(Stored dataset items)
▶

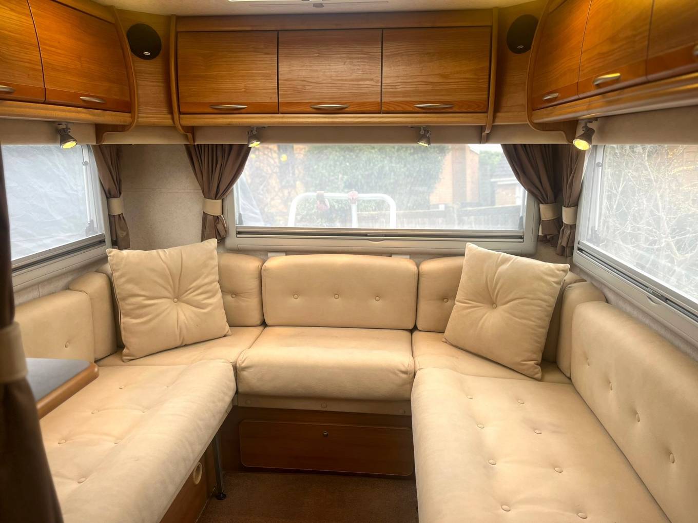 large, U shaped rear lounge. The sofas have been reupholstered in a lovely cream suede and can be converted into one
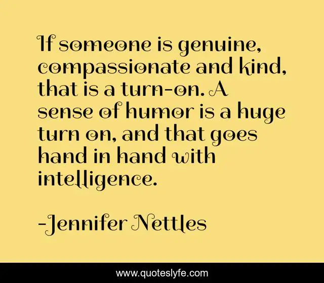 This page presents the quote "If someone is genuine, compassionate and kind, that is a turn-on. A sense of humor is a huge turn on, and that goes hand in hand with intelligence.". Author of this quote is Jennifer Nettles. This quote is about intelligence, kind,.
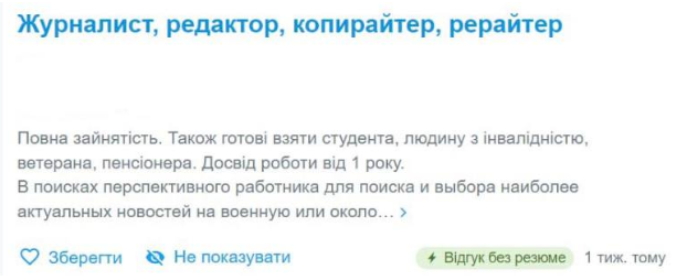 Тут, наприклад, все зібрали до купи. Але копірайтер, таргетолог, SMM-спеціаліст — все це окремі професії.
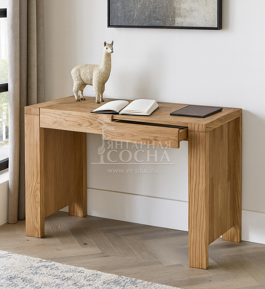 Стол в стиле кантри из коллекции “Рауна” отлично впишется в уют загородного дома или кабинет делового человека, которому по душе экологичный образ жизни. Его конструкция довольна проста: за удобной поверхностью вы сможете спокойно писать, рисовать или работать на ноутбуке, а в тумбе с 2 полками - хранить важные документы. Размер стола 120x76x60 см.
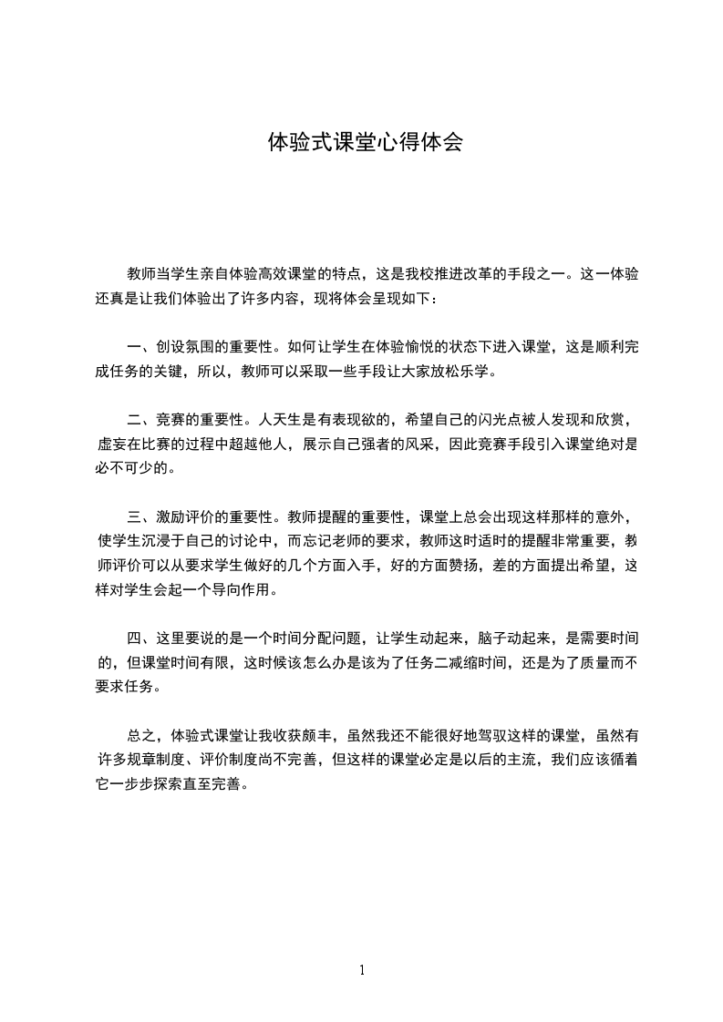 总之,体验式课堂让我收获颇丰,虽然我还不能很好地驾驭这样的课堂,虽然有许多规章制度、评价制度尚不完善,但这样的课堂必定是以后的主流,我们应该循着它一步步探索直至完善。
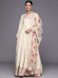 Off White Embroidered Pure Silk Suit Set : ₹8,499
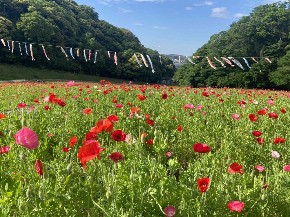 山間に広がるポピーの草原に、戦ぐ鯉のぼりたちも嬉しそうですね。
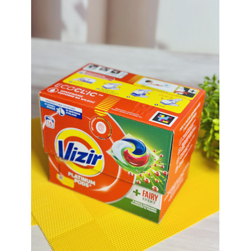 Vizir Platinum Pods – це нова лінійка капсул від відомого бренду Vizir. 4-х компонентні капсули мають у своєму складі гель для прання, концентроване засоб для виведення плям, кондиціонер для тканин і сильнодіючі ензими. Видалення навіть найстійкіших плям від крові, кави, трави, жиру, плям від поту, а також багатьох інших.
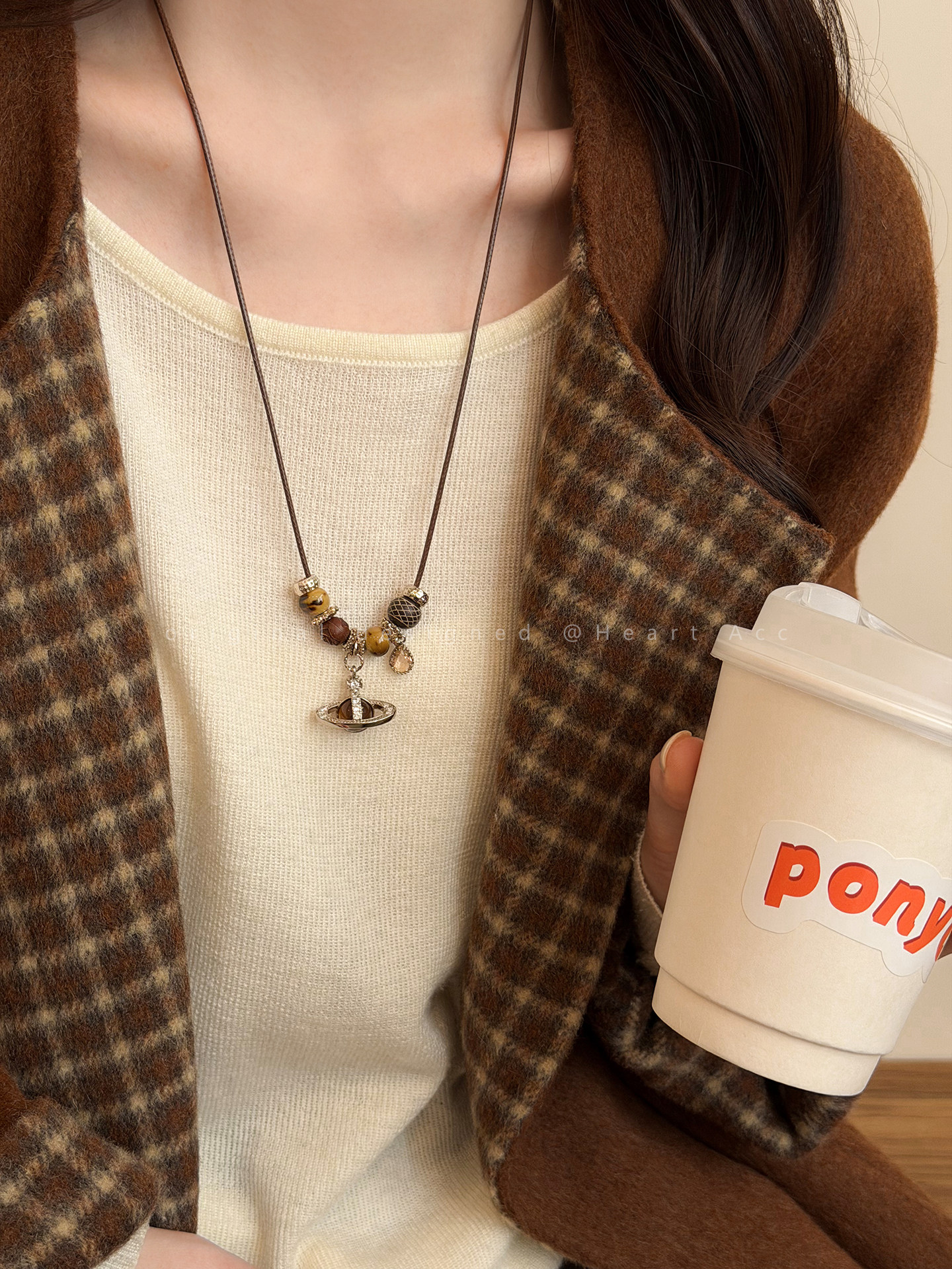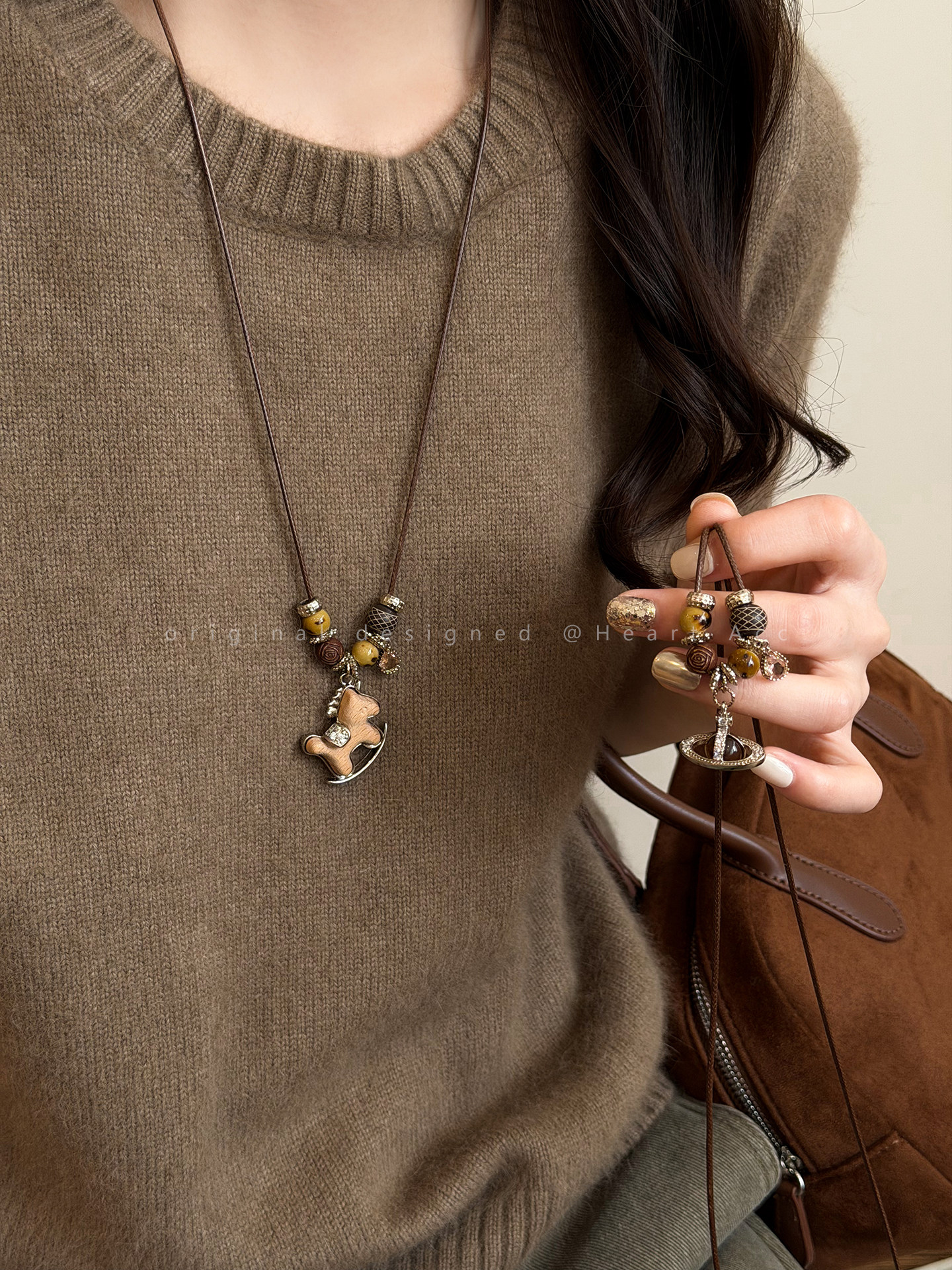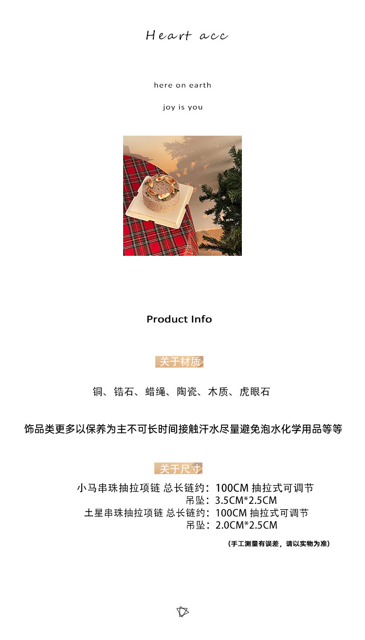 咖色小馬串珠抽拉項鍊女秋冬美拉德氣質長款毛衣鏈百搭本命年配飾

◀

Transcribe every entry exactly, omitting pictures.

 large, U shaped rear lounge. The sofas have been reupholstered in a lovely cream suede and can be converted into one
 This page presents the quote "If someone is genuine, compassionate and kind, that is a turn-on. A sense of humor is a huge turn on, and that goes hand in hand with intelligence.". Author of this quote is Jennifer Nettles. This quote is about intelligence, kind,.
 Тут, наприклад, все зібрали до купи. Але копірайтер, таргетолог, SMM-спеціаліст — все це окремі професії.
 Стол в стиле кантри из коллекции “Рауна” отлично впишется в уют загородного дома или кабинет делового человека, которому по душе экологичный образ жизни. Его конструкция довольна проста: за удобной поверхностью вы сможете спокойно писать, рисовать или работать на ноутбуке, а в тумбе с 2 полками - хранить важные документы. Размер стола 120x76x60 см.
 总之,体验式课堂让我收获颇丰,虽然我还不能很好地驾驭这样的课堂,虽然有许多规章制度、评价制度尚不完善,但这样的课堂必定是以后的主流,我们应该循着它一步步探索直至完善。
 Off White Embroidered Pure Silk Suit Set : ₹8,499
 山間に広がるポピーの草原に、戦ぐ鯉のぼりたちも嬉しそうですね。
 Vizir Platinum Pods – це нова лінійка капсул від відомого бренду Vizir. 4-х компонентні капсули мають у своєму складі гель для прання, концентроване засоб для виведення плям, кондиціонер для тканин і сильнодіючі ензими. Видалення навіть найстійкіших плям від крові, кави, трави, жиру, плям від поту, а також багатьох інших.
 咖色小馬串珠抽拉項鍊女秋冬美拉德氣質長款毛衣鏈百搭本命年配飾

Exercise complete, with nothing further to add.